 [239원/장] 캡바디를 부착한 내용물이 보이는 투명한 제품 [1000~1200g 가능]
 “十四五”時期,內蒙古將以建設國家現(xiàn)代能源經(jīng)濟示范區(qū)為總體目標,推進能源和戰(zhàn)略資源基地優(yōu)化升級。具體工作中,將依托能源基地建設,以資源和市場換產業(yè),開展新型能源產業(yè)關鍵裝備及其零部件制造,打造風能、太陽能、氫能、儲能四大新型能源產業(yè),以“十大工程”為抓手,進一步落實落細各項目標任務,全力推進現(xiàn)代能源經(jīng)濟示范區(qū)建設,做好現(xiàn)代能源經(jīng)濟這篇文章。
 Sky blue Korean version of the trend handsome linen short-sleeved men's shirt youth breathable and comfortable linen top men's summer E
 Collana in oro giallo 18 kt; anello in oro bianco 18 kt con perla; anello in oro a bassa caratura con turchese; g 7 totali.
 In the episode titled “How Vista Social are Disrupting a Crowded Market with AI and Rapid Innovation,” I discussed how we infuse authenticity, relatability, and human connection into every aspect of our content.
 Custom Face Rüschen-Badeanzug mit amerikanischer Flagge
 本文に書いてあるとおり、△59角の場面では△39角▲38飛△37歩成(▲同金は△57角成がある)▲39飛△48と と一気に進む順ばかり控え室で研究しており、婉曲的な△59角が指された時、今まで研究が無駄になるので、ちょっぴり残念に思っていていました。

* * *

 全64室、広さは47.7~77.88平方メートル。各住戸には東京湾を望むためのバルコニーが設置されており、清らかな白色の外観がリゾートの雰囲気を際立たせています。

--- Problem to solve ---
From the listing above, repeat exactly the lines starting at the line that includes "[239원/장] 캡바디를 부착한" and ending at the line that includes "Collana in oro", with nothing outside that span.

--- Exercise result ---
 [239원/장] 캡바디를 부착한 내용물이 보이는 투명한 제품 [1000~1200g 가능]
 “十四五”時期,內蒙古將以建設國家現(xiàn)代能源經(jīng)濟示范區(qū)為總體目標,推進能源和戰(zhàn)略資源基地優(yōu)化升級。具體工作中,將依托能源基地建設,以資源和市場換產業(yè),開展新型能源產業(yè)關鍵裝備及其零部件制造,打造風能、太陽能、氫能、儲能四大新型能源產業(yè),以“十大工程”為抓手,進一步落實落細各項目標任務,全力推進現(xiàn)代能源經(jīng)濟示范區(qū)建設,做好現(xiàn)代能源經(jīng)濟這篇文章。
 Sky blue Korean version of the trend handsome linen short-sleeved men's shirt youth breathable and comfortable linen top men's summer E
 Collana in oro giallo 18 kt; anello in oro bianco 18 kt con perla; anello in oro a bassa caratura con turchese; g 7 totali.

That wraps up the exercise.